Medical documentation and coding are bricks and mortar of the medical billing process. In the past 25-30 years, we seen the increased importance of documentation and coding. Compliant clinical documentation and coding are essential to every healthcare setting, no matter the individual responsible for and/or performing the tasks.
We need to ensure medical necessity is being met, of course, but not to a fault, whereby we are utilizing diagnoses only to obtain the coverage and medical necessity acceptation. We shouldn’t be making or using the EHR (electronic health record) or other technology to lead physicians to a particular diagnosis on the screen or use technology to game the reimbursement system(s).
Documentation as Foundation for Accurate Coding
A core designated clinical documentation set for coding should be used as the key constant source of clinical documentation by coding professionals as they conduct all the medical coding for an organization. The collection of accurate and complete coded data is critical to healthcare delivery, research, public reporting, reimbursement, and policy-making.
Complete, clear, and accurate health record documentation is the foundation for complete and accurate coding. This documentation (electronic or paper-based) must be clear, accurate, complete, and timely in order to produce quality coded data.
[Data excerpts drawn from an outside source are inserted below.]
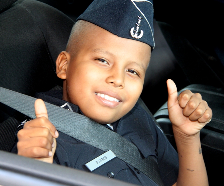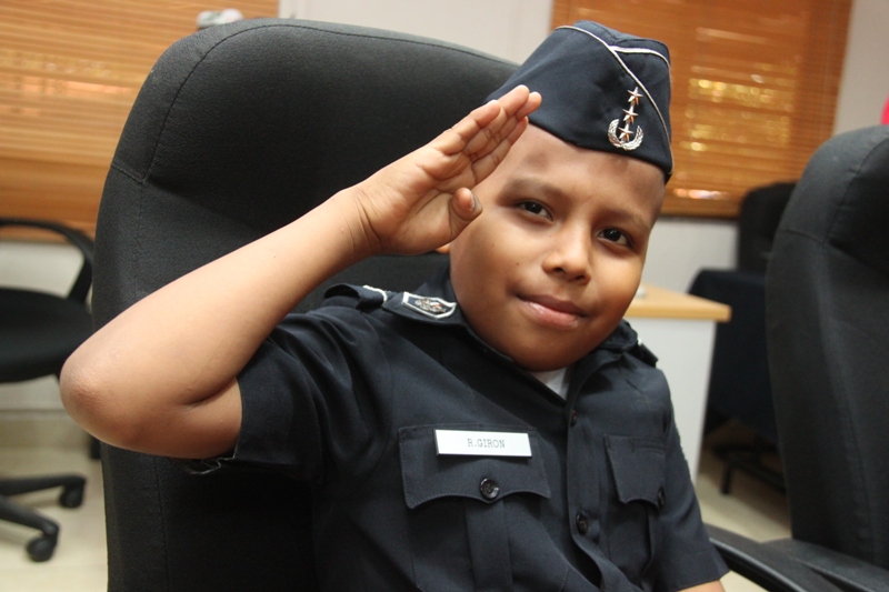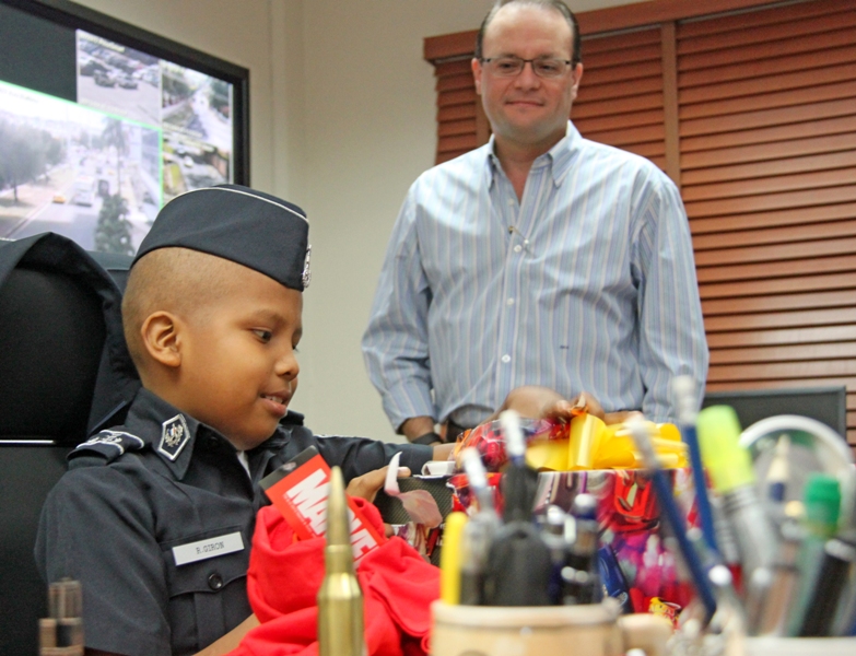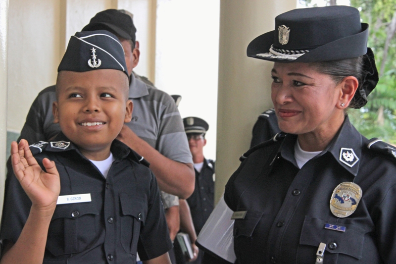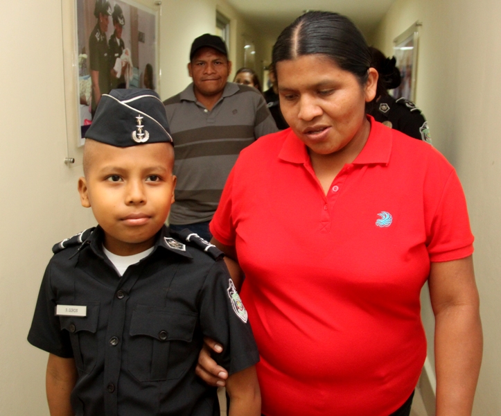 Ronald Girón sueña con ser policía cuando sea grande. Pero ese sueño podría ser truncado por la enfermedad que padece: Leucemia Linfoblástica Aguda. La Policía Nacional, al conocer su deseo, decidió nombrarlo comisionado honorario y lo recibió con su uniforme azul en su sede de Ancón. El pequeño Ronald, fue recibido en el Despacho Superior por el jefe de la institución, Ingeniero Julio Moltó, donde recibió obsequios alusivos a Spiderman, su personaje favorito de comics y un televisor pantalla plana, para que continúe disfrutando de las aventuras de su héroe arácnido. Y es que como todo un héroe, este valiente niño lucha contra la leucemia, que recientemente se le detectó y para la cual recibe tratamiento en el hospital Del Niño. Posteriormente fue transportado a bordo de la patrulla Mustang hasta la Dirección Nacional de Operaciones, donde conoció el funcionamiento de las cámaras de videovigilancia mediante la detallada explicación del comisionado Bartolomé Agüero. También fue agasajado junto a sus padres con un almuerzo, siendo sorprendido con más regalos para él y para sus hermanitos. Sus padres, muy complacidos, agradecieron este gesto que la Policía Nacional en conjunto con la Fundación Pide un Deseo, a cargo del Banco general han tenido con su hijo, quien sueña con ser policía. Ya a bordo de la patrulla Mustang con rumbo hacia la posada de la Fundación de Amigos del Niño con Leucemia y Cáncer (Fanlyc), donde se hospeda, Ronald se despidió no sin antes, prometer que un día será un gran policía al servicio de la comunidad.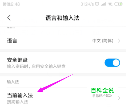 单点开【语言和输入法】后,单点开【当前输入法】,如图。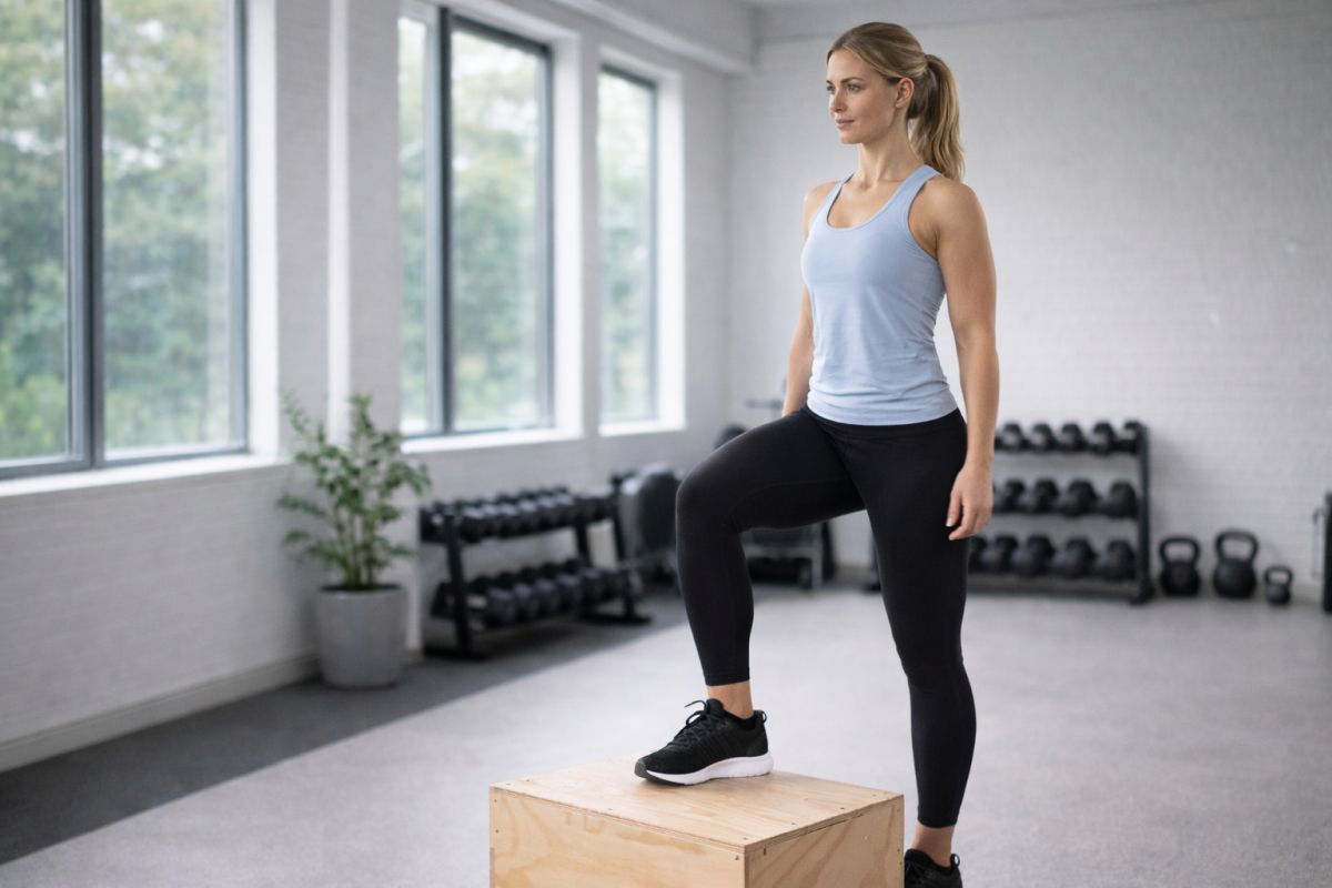 Postavimo se pred nizko klop ali stopnico. Eno stopalo položimo nanjo in se z močjo te noge dvignemo navzgor, drugo nogo priključimo. Koleno naj med dvigom ostane poravnano s stopalom in ne uhaja navznoter. Nato se nadzorovano spustimo nazaj na tla in ponovimo z drugo nogo.
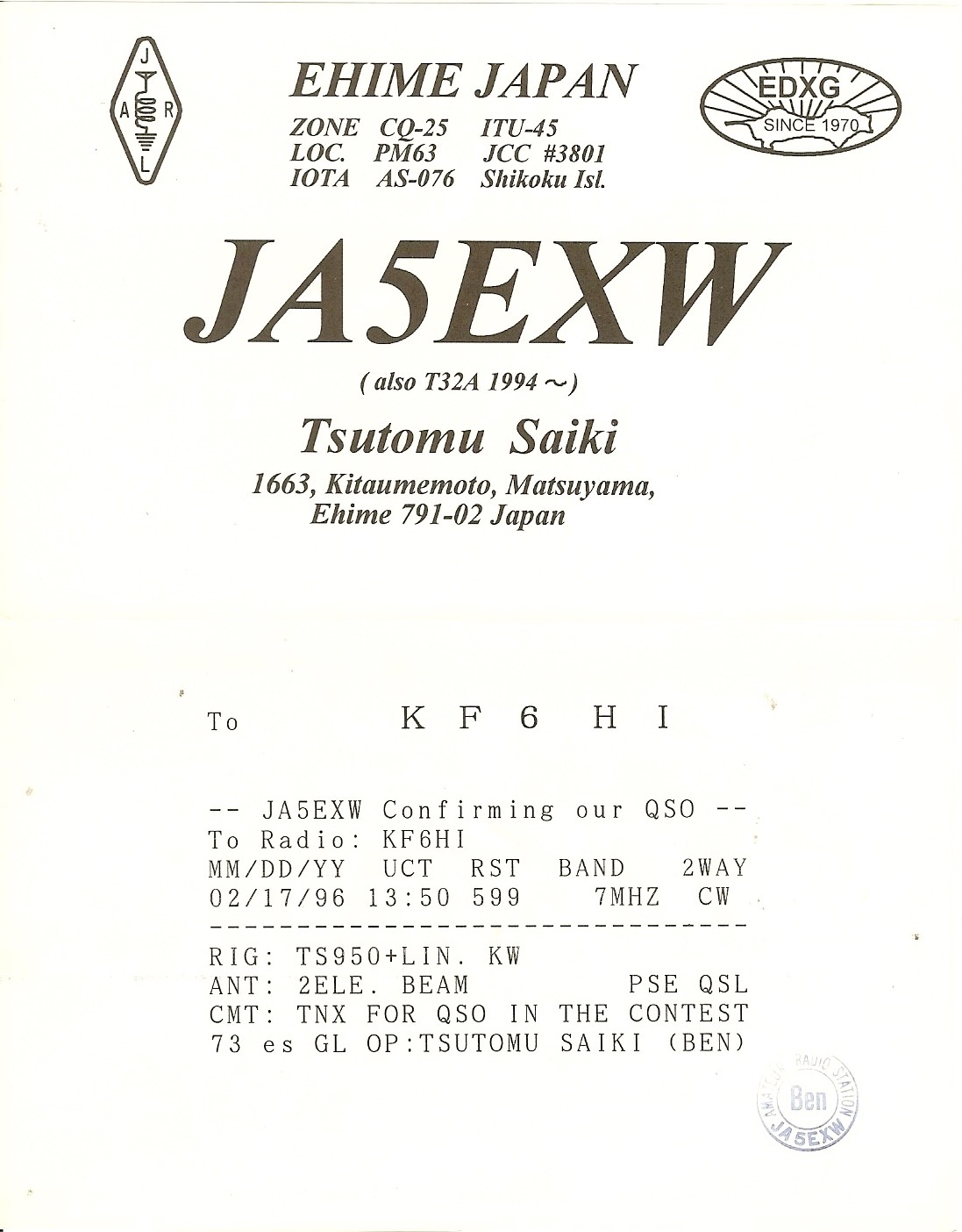KF6HI QSO with JA5EXW (click for QRZ info), information for above highlighted contact:

Policies should include facility-specific documentation requirements, payer regulations and policies, and contractual arrangements for coding consultants and outsourcing services. The outsourcing vendor does not tell you what documents they will use to code your encounters; you, the HIM professional, are in charge of this process and should have your outsourcing partner follow your best practice or coding compliance policy.
Transition to ICD-10
Due to the transition from ICD-9 to ICD-10, some documentation subjects will require providers to capture new information while for others it may involve in updating, modifying, and expanding documentation needs. ICD-10 contains multiple combination codes and documentation must reflect the association between conditions, let’s understand this with the following examples:
- In ICD-10 the diagnosis code K50.814 indicates ‘Crohn’s disease of both small and large intestine with abscess.’ While in ICD-9, equivalent code would be ‘555.2, regional enteritis, small intestine with large intestine’ and ‘569.5, Abscess of the intestine.’ In addition, laterality necessitates documentation.
- Let’s consider another example, in the ICD-10 diagnosis code, M05.271 indicates ‘Rheumatoid vasculitis with rheumatoid arthritis of right ankle and foot. While in ICD-9 equivalent code would be ‘714.27, Rheumatoid arthritis with visceral or systemic involvement, ankle, and foot.’
Importance of Accurate Billing Documentation
Accurate medical billing documentation is a must for many reasons. For one, it exists as a legal document which will prove the services rendered, as well as why those services were rendered and/or why the patient was seen by the provider. The documentation may also serve as evidence in a court of law.
An excellent notation will also serve as effective communication of your plan of care and thinking to other providers in a professional manner. For medical billing purposes, it will provide solid documentation of the service(s) rendered, which can then be confidently and compliantly billed.
Clinical documentation and coding need to ensure that it is a true reflection of the patient care that was provided-not simply the correct words or codes that ‘pay.’ Thorough, detailed documentation leads to accurate coding, and accurate coding leads to appropriate and timely claims payments for hospitals and physicians.
Most importantly, accurate documentation can lead to better, more effective patient care. It can provide more detailed information to other health care providers performing subsequent care or services on patients.